Julián, con su uniforme recién planchado y su petate bien liado, saludó al entrar. La educación por delante, como siempre decía su madre. No fue Eusebio quien le saludara, aunque él jurara y perjurara después que el saludo fue devuelto con deferencia y discreción. El caso es que con todas sus fuerzas intentó colocar en los portaequipajes colgantes su ato, con la mala fortuna que el tren se puso en marcha y no pudo caer nada más que sobre la cabeza del ya de por sí sufrido Eusebio, derribándolo.
"Ay Dios mio, ay Dios mio que lo he matao". Esas fueron las únicas palabras que podía articular Julián mientras hacía frente a su aciaga realidad. No podía presentarse en el cuartel con un muerto ya sobre sus espaldas. Le formarían un consejo de guerra. Incluso hasta podían fusilarlo. No, no le quedaba otra opción. Así que como mejor pudo, agarró a Eusebio, en una posición muy poco honorable para los dos, y lo tiró por la venta. Diciendo así adiós a sus problemas. Muerto el perro se acabó la rabia.

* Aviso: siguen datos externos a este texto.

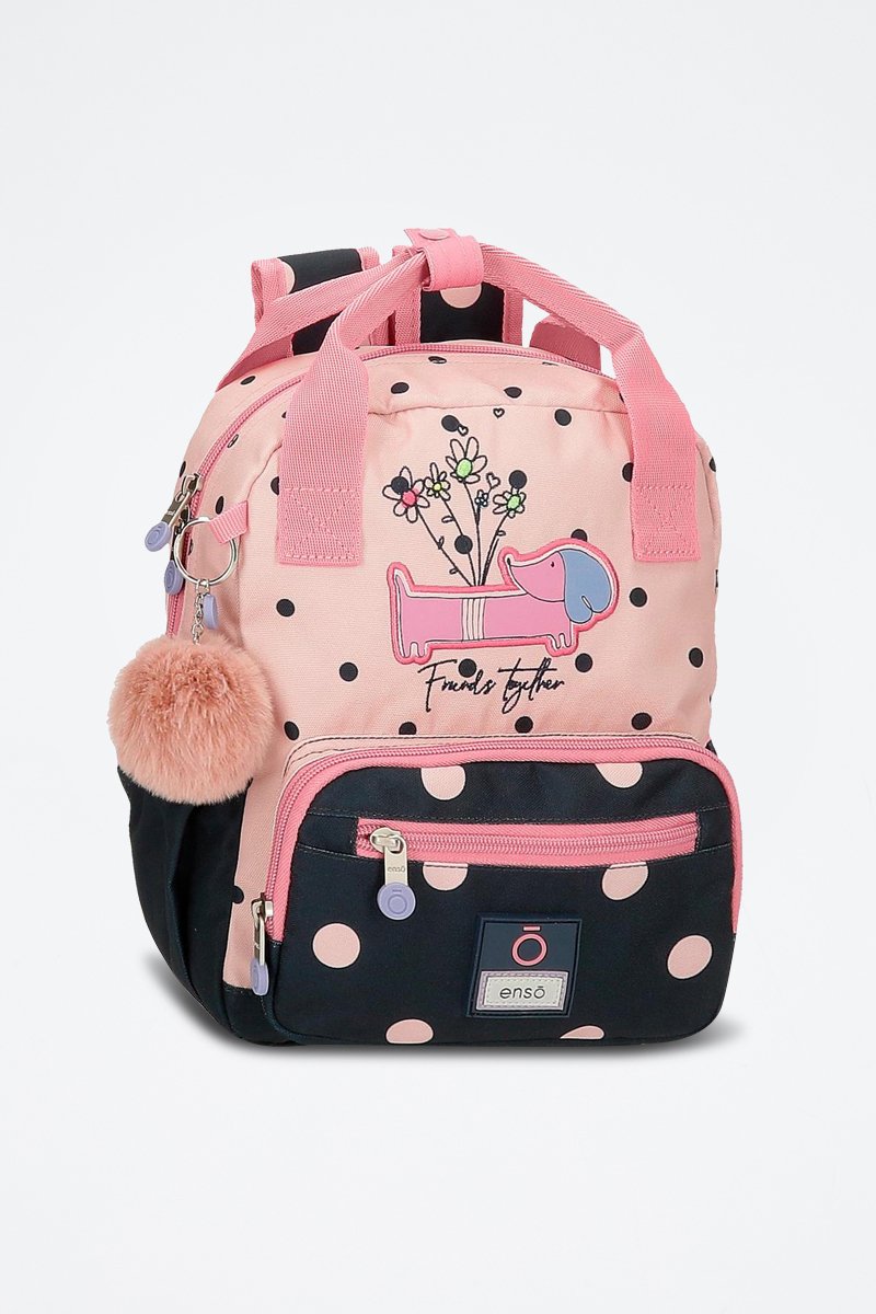 2 poches zippées, lettrage brodé, motifs fantaisie, porte-clés avec pompon en fourrure synthétique et empiècement avec logo devant.
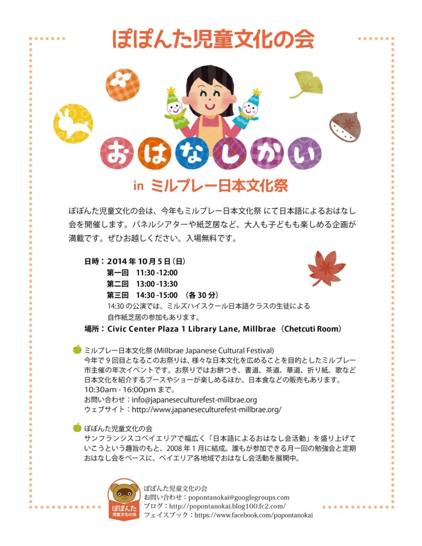 ぽぽんた児童文化の会は、今年もミルブレー日本文化祭 にて日本語によるおはなし会を開催します。パネルシアターや紙芝居など、大人も子どもも楽しめる企画が満載です。ぜひお越しください。入場無料です!
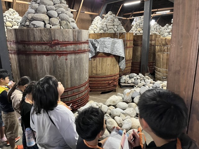 香りと迫力! 大きな木桶が並ぶ蔵の中は、みそのいい香りでいっぱいでした。何年もかけて熟成させる、伝統的な製法を知ることができました。
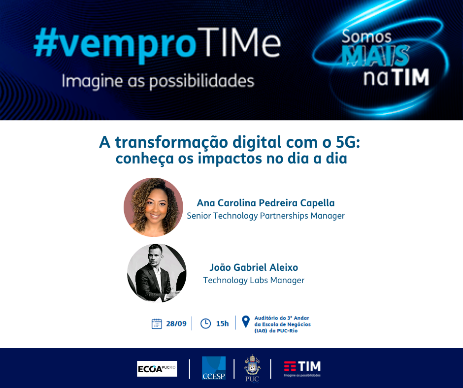 A TIM Brasil, empresa que transforma tecnologia em liberdade, se uniu à PUC-Rio, no dia 28/09, com profissionais tech da empresa para bater um papo sobre a quinta geração de redes móveis.
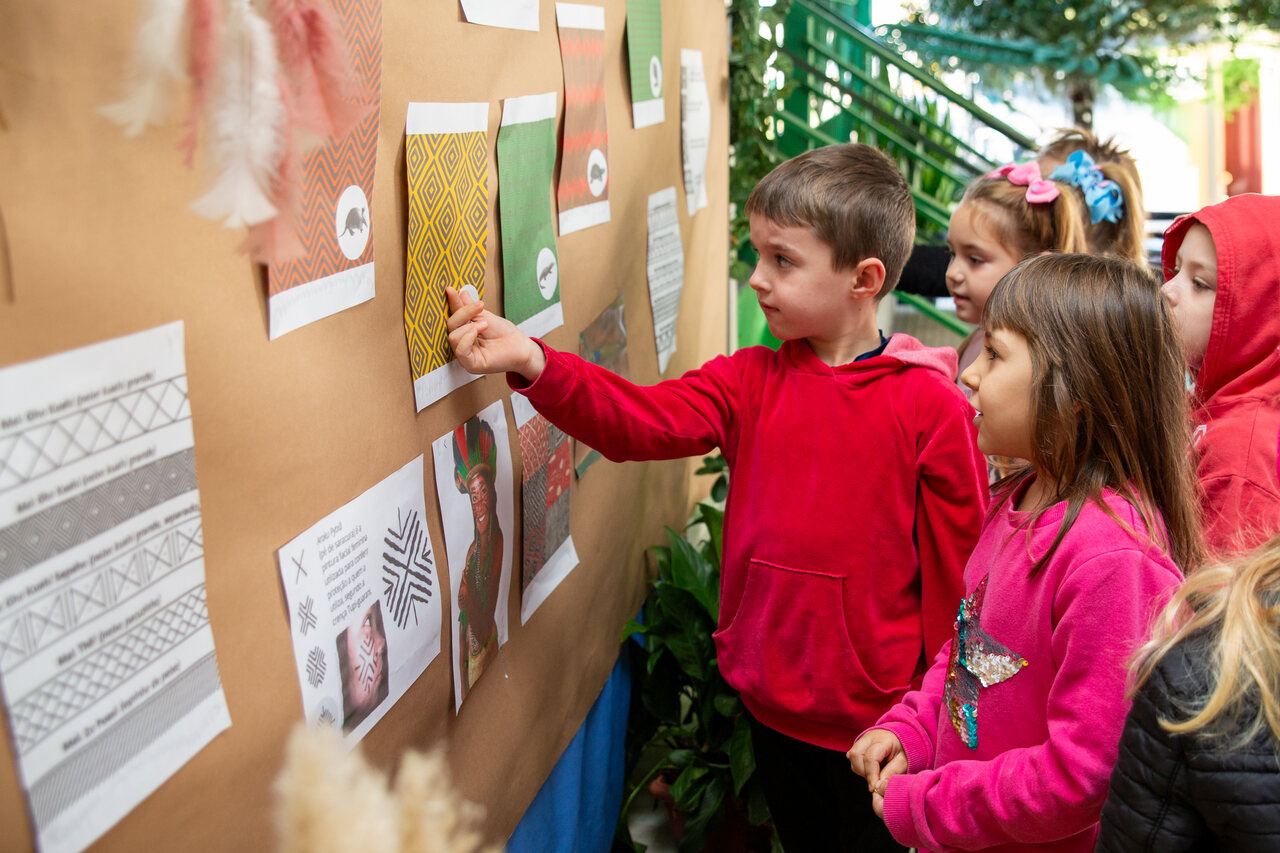 A família também foi convidada a participar da atividade, enviando para a instituição algum objeto da cultura indígena para a exposição. As crianças conversaram com os pais em casa e algumas delas trouxeram para a aula objetos e artesanatos que tinham em casa, enquanto outras, pesquisaram e construíram com a família utensílios utilizados na cultura indígena. Esse gesto enriqueceu ainda mais a nossa prática, complementou a professora.

O por lo menos eso pensaba hasta que llegó Juan. Al principio Juan pensó que se había equivocado de compartimento. Rehizo su camino contando las ventanas del pasillo tres veces, mientras que la angustia crecía en progresión geométrica. Cuando ya no le cabía ninguna duda, su cara era aún más pálida que la de su difunto padre. "¿Y el hombre que estaba aquí sentado?" Pregunta embarazosa donde las haya para el propio verdugo. Pero en disimular Julián era un maestro y le salió tan natural. "Pues ha dicho que se estaba poniendo muy malo y se ha bajado en la última estación".
Cuentan que de madrugada todavía vieron a Julián y a Juan recorriendo las vias en dirección a Granada.